男人拿着热腾腾的毛巾,捏住雪郁两边的脸,从下巴擦到嘴角,又从嘴角擦到脸,再从脸擦到额头,他懊恼自己神经质的行为,力气有点没控制住。

手下的脸红的红,粉的粉。

好疼。

这样行了没?

好点了。

迅速把那张小脸擦干抹尽,许景和把毛巾扔回盆里,连盆带水端起来,想赶紧回去检查一下自己是不是失心疯,或者脑子出了问题。

雪郁偷偷觑着他的一举一动,在他要出门时,小声询问:能不能帮我关下门?

砰!

昨晚偏房的门没有上锁,雪郁的人身自由得到保障,除了大门不能出,院子里其他地方还是可以随便出入的。

雪郁一觉睡醒走出偏房,黏在身上的衣服出了被窝后迅速变冷变硬,他嘟囔了声冷,又抬起脑袋找许景和在哪里,想要热水洗漱。

把他绑来的狗男人就在院子角落,正在特别持家地做着饭。

男人身躯高大,模样懒散又不耐烦,拿着锅铲不疾不徐地翻炒,升上来的白烟覆在他英气逼人的脸上,他听到有脚步声,转过了头。

雪郁摸了摸在脚边乱转的柴米,慢吞吞走到许景和旁边,看着那一锅东西,发现新大陆般夸奖:你还会做饭。

许景和眯了眯眼,把翻炒的动静弄小了些,他觉得雪郁这样平静搭话的样子一点不像被软禁的,却鬼使神差搭话:不然等着饿死?

那你在做什么?

洋葱炒饭。

雪郁能看出锅里在做什么,只是随口一问,他抬起纤细指尖轻柔摩挲了下眼皮,含糊着声音问:哦你什么时候放我走?

许景和在他说的时候,正好弯腰去拿调料。

余光扫过他磨蹭的手指,许景和脑中忽地开始想,那只手攀过多少个男人的后背,和多少个男人十指相扣过,甚至还想到一黑一白交缠的画面。
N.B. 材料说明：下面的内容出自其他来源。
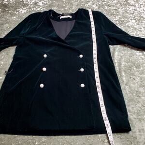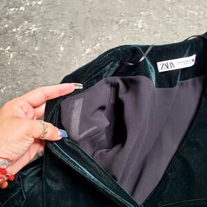 Zara Emerald Green Velvet Pearl Button Blazer
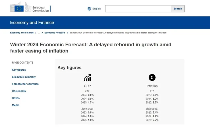La Comisión de la UE recorta el pronóstico de crecimiento del PIB de la eurozona para 2024 al 0,8% desde el 1,2% previsto en noviembre y prevé un crecimiento del 1,5% en 2025.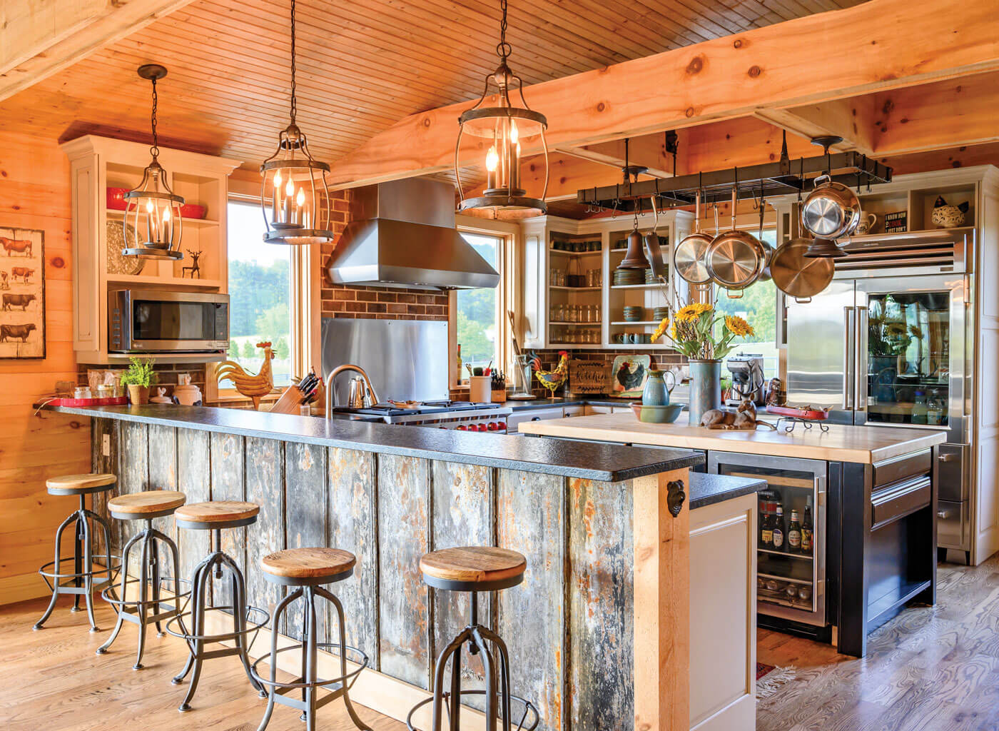 The rusted tin paneling around the kitchen bar is scrap metal from the barn’s original roof. photograph by Emily Chaplin

雪郁这么爱招惹男人,又有身份的便利,身边男人肯定只多不少。

会有几个十个,二十个?

疯了,他又在想什么。

许景和陡然清醒,后背僵硬地绷紧,迅速挪开视线喉咙干涩道:我说过了,做梦,除非你消掉我的奴籍,让我回富人城,以后也别来招惹我。

可我也不知道怎么让你回去,我都忘了。

那就没得谈。

雪郁又揉了两下眼,知道再怎么软磨硬泡也不可能让许景和放他走,只能咸鱼心态地接受,转而问别的:我想洗漱。

这回不等许景和说话,柴米先用牙轻轻咬住他的裤脚,脑袋往一边扯,雪郁看过去,发现洗脸盆、毛巾和搪瓷杯都一应俱全摆在了偏房旁边。

他刚才太困没有注意到。

许景和头也不回,身躯半躬着在案板上切洋葱,修长苍白的手握住刀柄,有几条青脉鼓出来,诡谲复古的纹身自腕骨往上不断延伸。

雪郁又问:在哪里打热水?

柴火灶里火烧得旺,锅里的油噼里啪啦溅,吵得很,许景和没有听见他说话,还在切洋葱,他只能走近几步道:我不知道在哪里打热水。

许景和还是没听见,一个洋葱切完,才慢悠悠转回头。

而这一转,他看见他以为早就去洗漱了的雪郁还站在身边,眼皮有些红肿,抿唇可怜地一直掉眼泪,指尖因为擦拭沾染了大量水渍,弄得许景和猛怔。

他有几秒没有反应过来,不明白雪郁为什么在哭。

但他的手已经率先伸了出去,帮雪郁擦了几下,发现越擦越多,还把那张脸擦红了点,最后有些无奈:怎么回事?

雪郁微皱眉和他说:洋葱汁溅眼睛里了。

许景和霎时滚了滚喉头,以为是不让出门委屈哭的,原来不是,他不自觉松了口气:明知道我在干什么,还靠这么过来在这等我,我去打水给你洗。